Saturday, July 15, 2017

Anthony Stolarz: Two Autographed Cards

When the Philadelphia Flyers selected Anthony Stolarz with the 45th overall pick (second round) in 2012, the plan was to let the first New Jersey-born NHL-quality goalie slowly develop into a #1 goalie. Whether it was going to take seven years to become a top-level puck stopper (Carey Price) or nine (Jake Allen), GM Ron Hextall was not going to throw him to the wolves sooner than necessary.

Five years in, he saw his first 7 games of action in 2016-17, winning the first one, earning a shutout in the second, ending up with a 2-1-1 record, .928 save percentage and 2.07 goals-against average, easily the tops on the team ahead of Michal Neuvirth and Steve Mason.

That being said, his season in the AHL had its ups and downs, with a 2.92 GAA and .911 save percentage that ranked him behind Alex Lyon. So when Hextall extended both Lyon and Stolarz earlier today, it sent a clear message that Stolarz is not ready to be an NHL backup yet in his general manager's eyes. He'll need to dominate consistently in the AHL before getting that chance, which explains why Hextall also signed free agent on-again, off-again starter Brian Elliott for two years on July 1st.

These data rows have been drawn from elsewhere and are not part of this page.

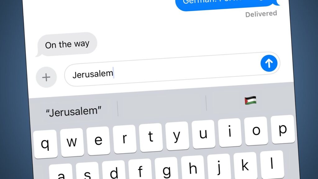 Příklad zobrazení palestinské vlajky jako návrh prediktivního textu pro Jeruzalém v iMessage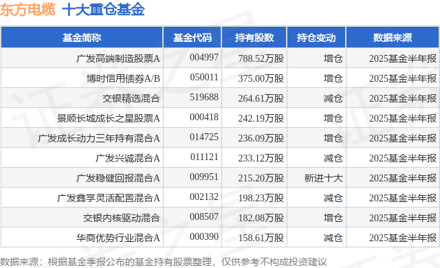 根据2025基金半年报公募基金重仓股数据,重仓该股的公募基金共141家,其中持有数量最多的公募基金为广发基金的广发高端制造股票A。广发高端制造股票A目前规模为44.64亿元,最新净值1.4674(9月29日),较上一交易日上涨2.29%,近一年上涨8.95%。该公募基金现任基金经理为郑澄然。郑澄然在任的基金产品包括:广发鑫享灵活配置混合A,管理时间为2020年5月20日至今,期间收益率为54.64%;广发兴诚混合A,管理时间为2021年1月6日至今,期间收益率为-48.27%;广发诚享混合A,管理时间为2021年2月8日至今,期间收益率为-48.26%。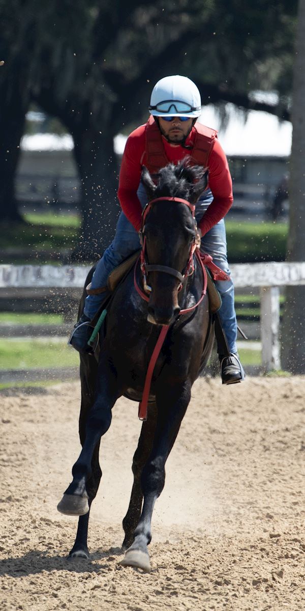 Thoroughbred horse training on a racetrack in Ocala, Florida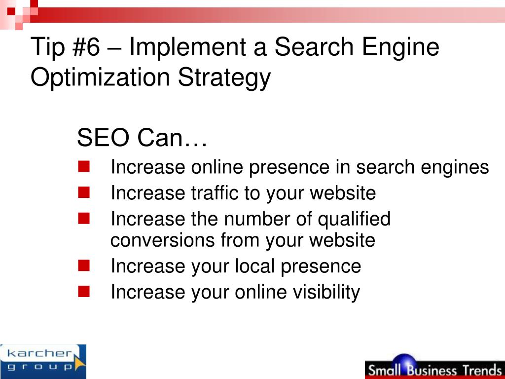 Tip #6 – Implement a Search Engine Optimization Strategy SEO Can… • Increase online presence in search engines • Increase traffic to your website • Increase the number of qualified conversions from your website • Increase your local presence • Increase your online visibility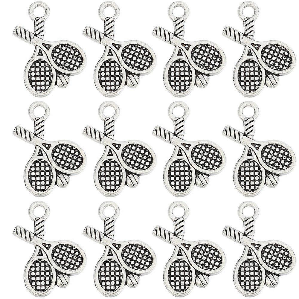1Box 100Pcs Tibetan Style Zinc Alloy Pendants Sports Charms Tennis Racket Antique Silver 20x14x3mm Hole: 2mm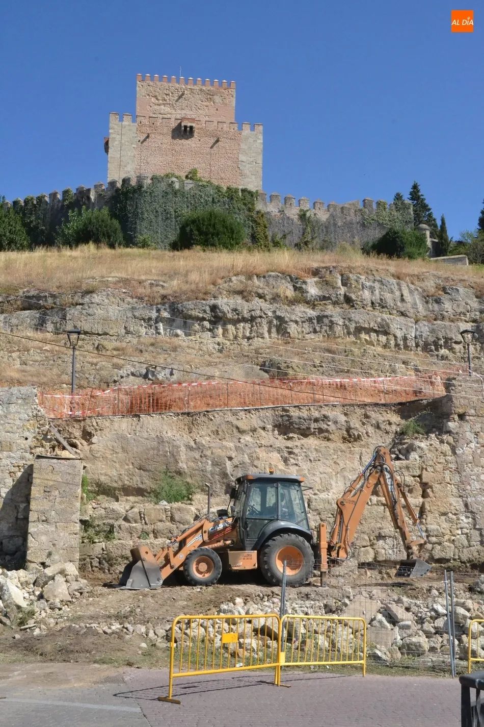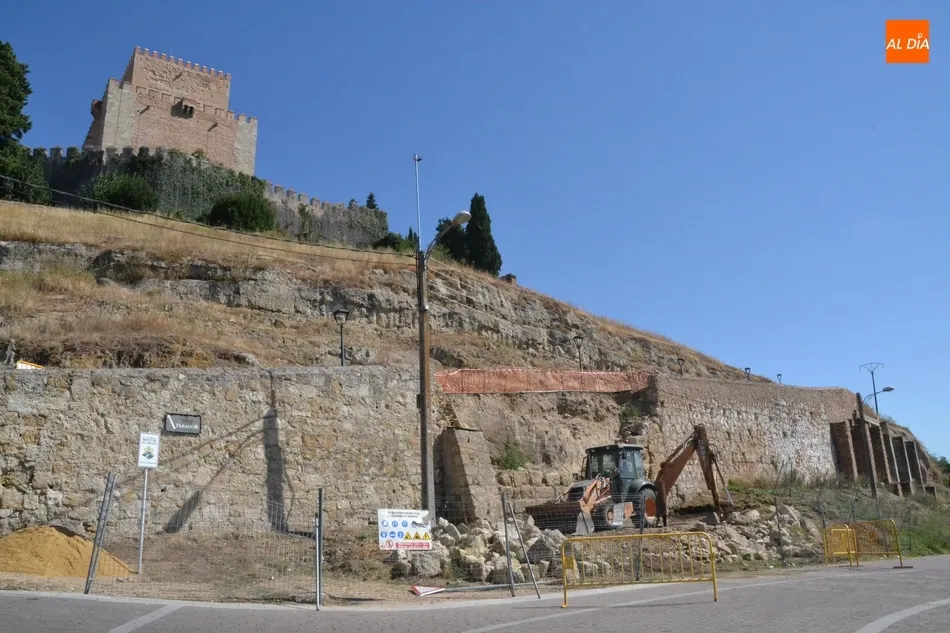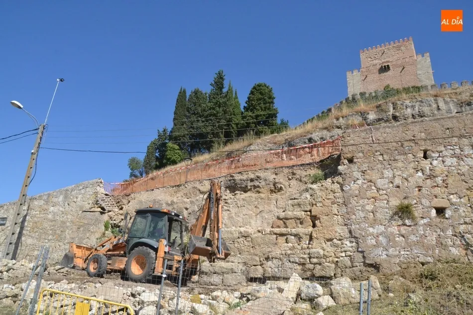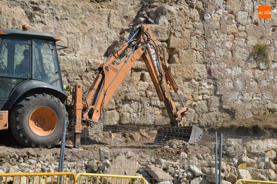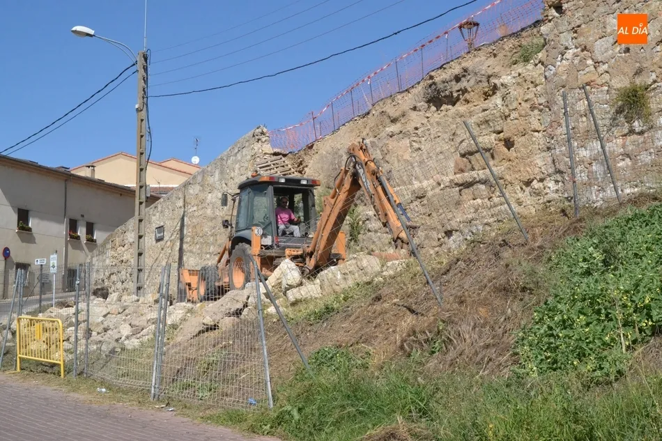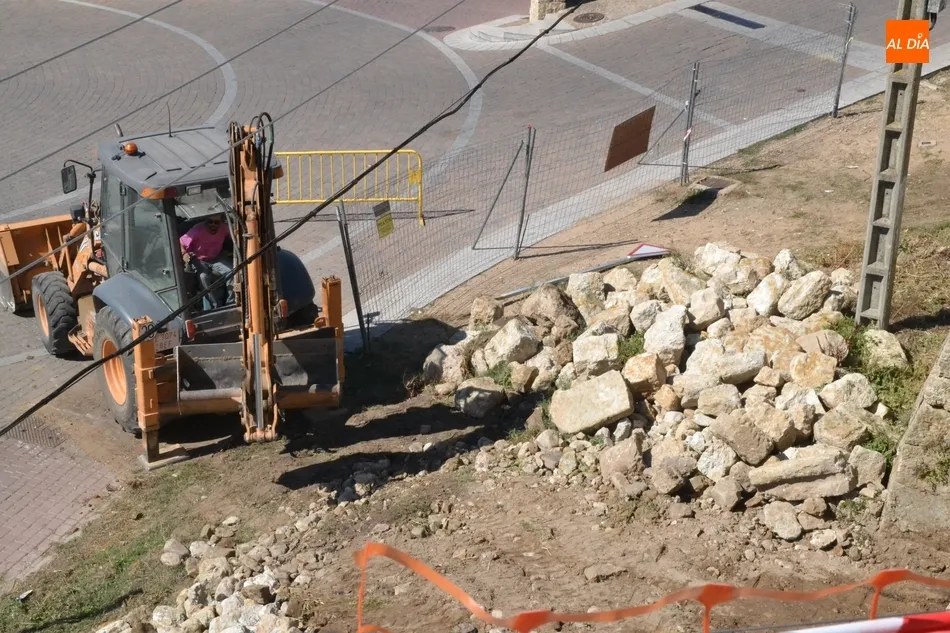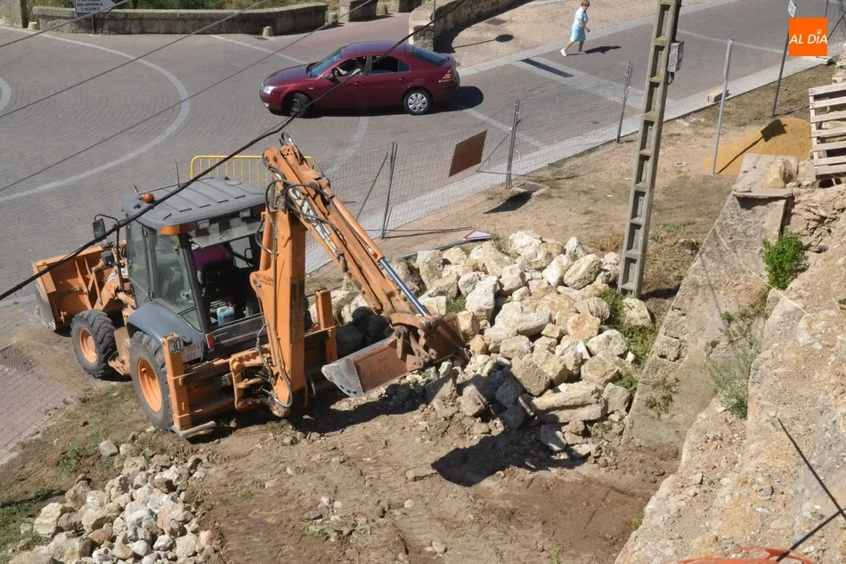 Como ?segundo? paso, en la mañana del martes se estuvo trabajando en el lugar con la idea de crear una base sobre la que asentar la plataforma elevadora a la cual se subirán los trabajadores para ir reconstruyendo el muro. Tal y como explicó a Ciudad Rodrigo Al Día Joaquín Pellicer, para llevar a cabo este arreglo se van a reutilizar las propias piedras que se desmoronaron hace medio año, que se van a unir con mortero bastardo.

I look forward to watching the 6'6" goalkeeper's development throughout the years. For now, however, here's a look at the uniforms he wore with the OHL's London Knights, starting with the black "away" one, with a throwback to the team's 1970s logo, on card #33 from In The Game's 2012-13 Between the Pipes set and CHL Prospects sub-set:
And here he is wearing the white alternate home uniform with the KNIGHTS downward wordmark, on card #12 from ITG's 2013-14 Heroes And Prospects set:
He signed both in blue sharpie, tagging his jersey number (43) at the end, during the 2014-15 AHL season, after a Lehigh Valley Phantoms game against the Hamilton Bulldogs.

The cards show his goaltending stance very well: he's a tall, butterfly goalie who hasn't learned to keep his stick blade stuck to the ice and uses the "patting glove hand" method that cuts out some of the angles but reduces occurrences of reflex stops, particularly the middle two feet of the left post. I usually prefer when my students extend their hand outwards a little more to the left and not so much to the front - I'd rather their stance say "try me" than show fear and play safe, which I also call "play dead". But I've never played in the NHL, and Stolarz will one day star in it.

Fun fact regarding the cards: they do not agree on where he was born:
For the record, he was born in Edison and raised in Jackson.